Pain. Something rips open my side. I am thrown sideways. Away from Jack. On to my back. The pain tears through me. I flail around. I am thinking again. Conscious. Thin and weak. I am bleeding from a wound in my side. Taylor is on the ground next to me. It was he who did this. I roll over. I try to ignore the pain so that I can turn back. But he jumps on my back and flattens me.
‘You killed her,’ he says.
‘I didn’t know I was doing it,’ I say. ‘I don’t want to be the way I am. You must understand. I’m not well. I’m imagining things.’
‘No, you’re not.’
‘Then you and me,’ I say. ‘We’re the same.’
‘No,’ he says. ‘I know what I’m doing. Everything I’m doing, every change I make, I do it through choice.’ He is talking into my ear. His mouth pressed against me. ‘You killed her, Francis,’ he says. There are tears in his voice. ‘You killed her.‘
‘I didn’t know I was doing it,’ I say. ‘There are lots of things that I don’
t understand. Taylor. There’s something I need to tell you.’

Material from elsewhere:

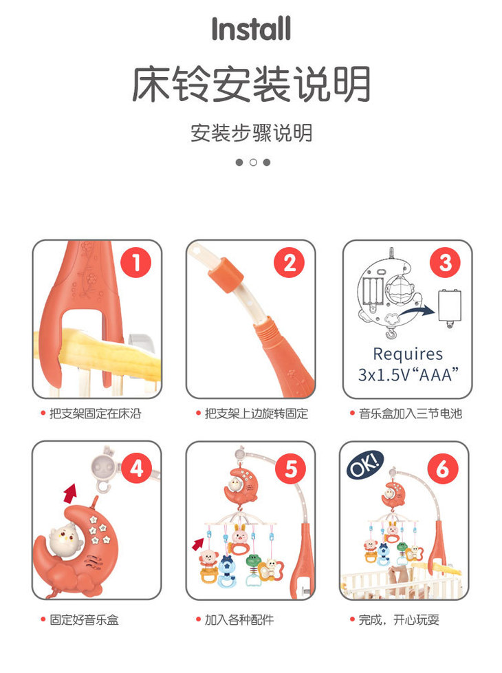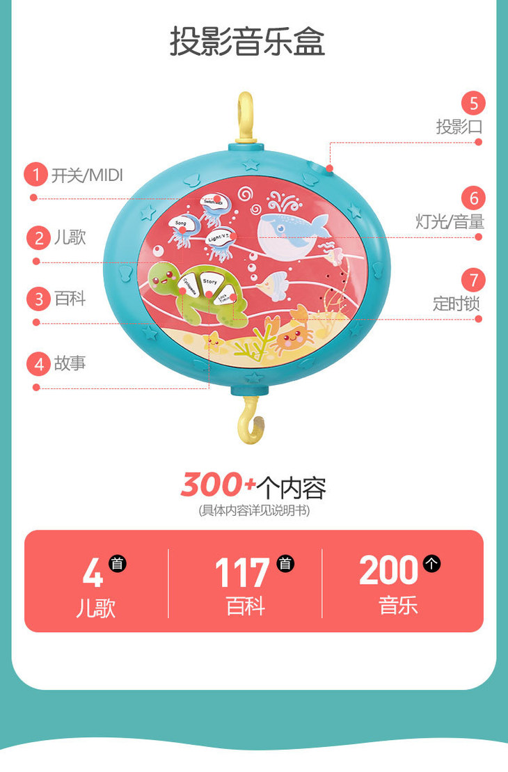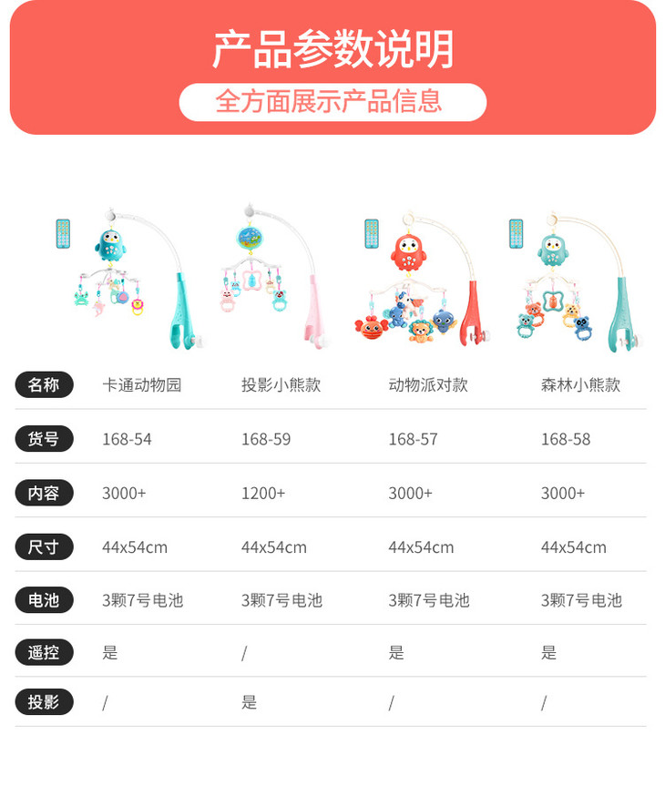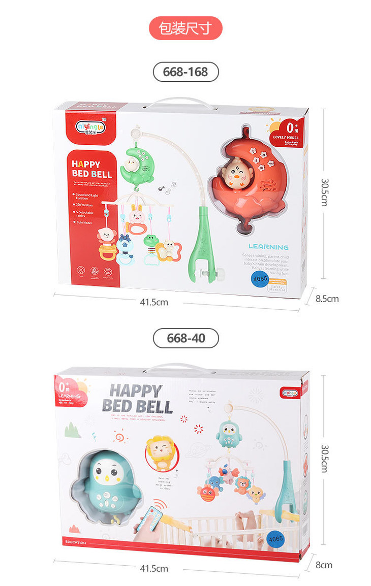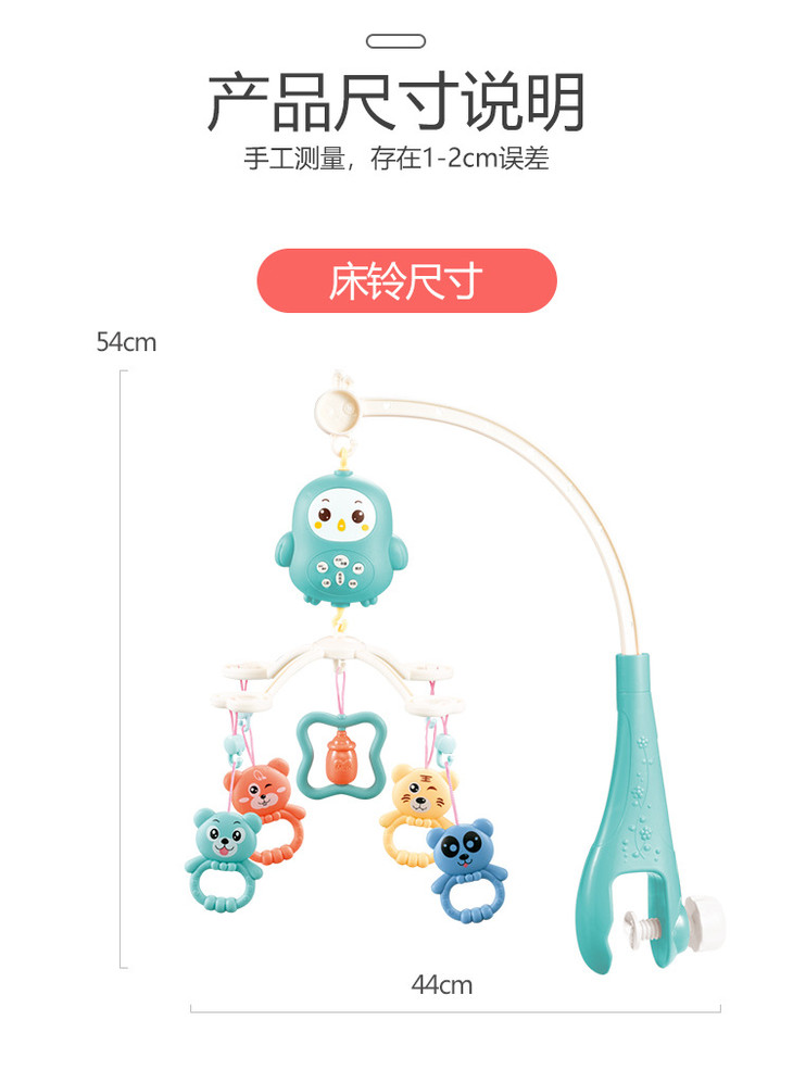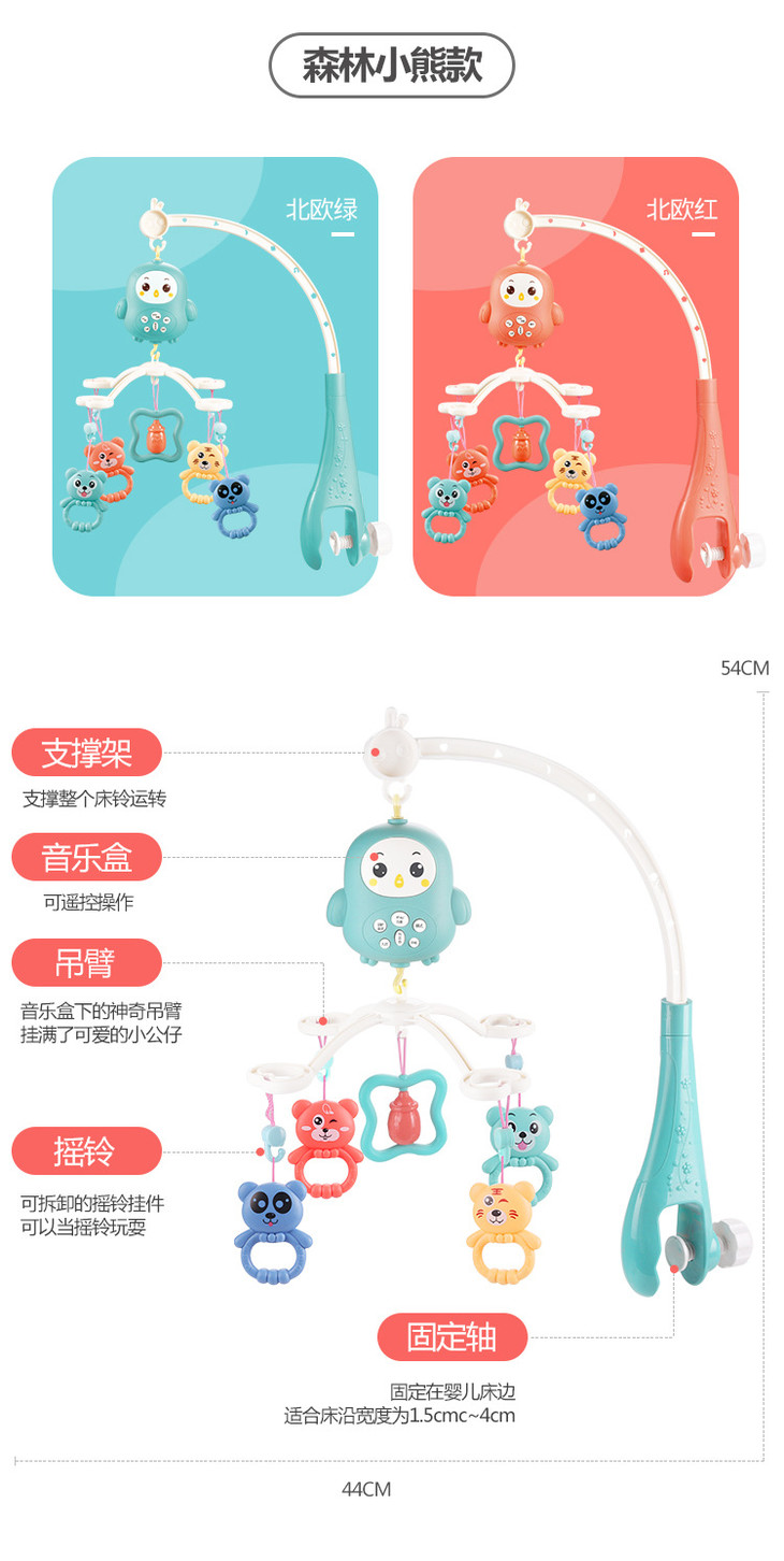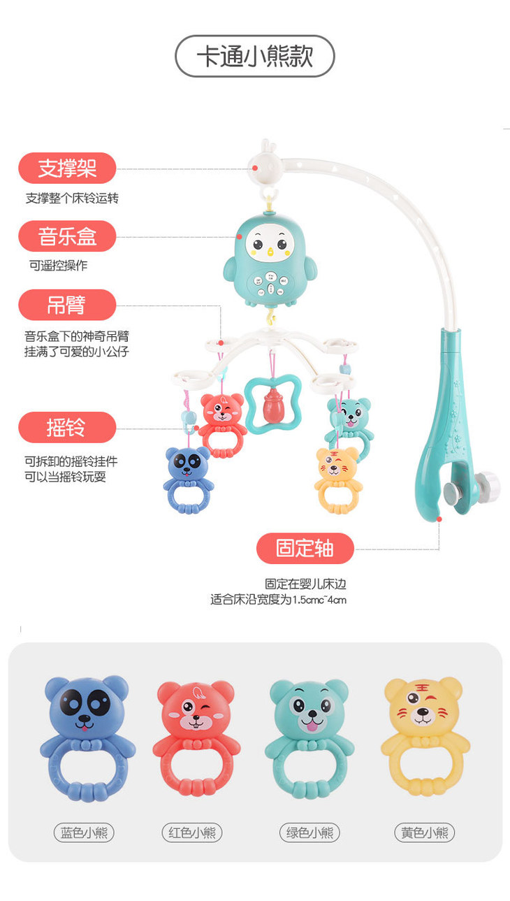 婴儿床铃玩具音乐旋转遥控床头铃新生儿宝宝摇铃套装安抚玩具-W仓

Taylor pulls his claws across my face. He rips my cheek so that it hangs off. I feel cold air on my tongue. My naked teeth.
‘I don’t think there’s anything you need to tell me,’ he says. ‘There’s nothing left that I need to know. The only thing left that I want to do is kill you. And then all I want to do is turn into an animal, Francis, an animal like you. Like you always were. And forget it all. Forget everything.’

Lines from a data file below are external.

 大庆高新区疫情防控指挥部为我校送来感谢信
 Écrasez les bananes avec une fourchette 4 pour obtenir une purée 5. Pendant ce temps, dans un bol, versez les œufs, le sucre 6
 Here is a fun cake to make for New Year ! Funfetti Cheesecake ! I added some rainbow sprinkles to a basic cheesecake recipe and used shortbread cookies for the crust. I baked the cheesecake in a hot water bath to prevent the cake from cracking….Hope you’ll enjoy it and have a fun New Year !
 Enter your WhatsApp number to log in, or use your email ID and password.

‘I haven’t forgotten anything,’ I say. ‘Taylor, get the fuck off me. Get the fuck off me. Get off!’ I spring up. I twist round. I knock him off my back. I grab him and dig my fingers into his arms. Literally into his arms, forcing them beneath the skin. He screams.
We are both too strong.
‘Taylor,’ I say. ‘Jennifer is one of us too.’
‘I don’t care.’
‘I know,’ I say. ‘But we both need to know. So whichever of us survives can tell Jack. Taylor. We have to tell Jack how to turn her back. There is a way. Do you understand me? If you kill me, you have to tell Jack how to save her. You might not care, Taylor, but do it for him. One of us is going to die now. Once I let you up. One of us is going to die.’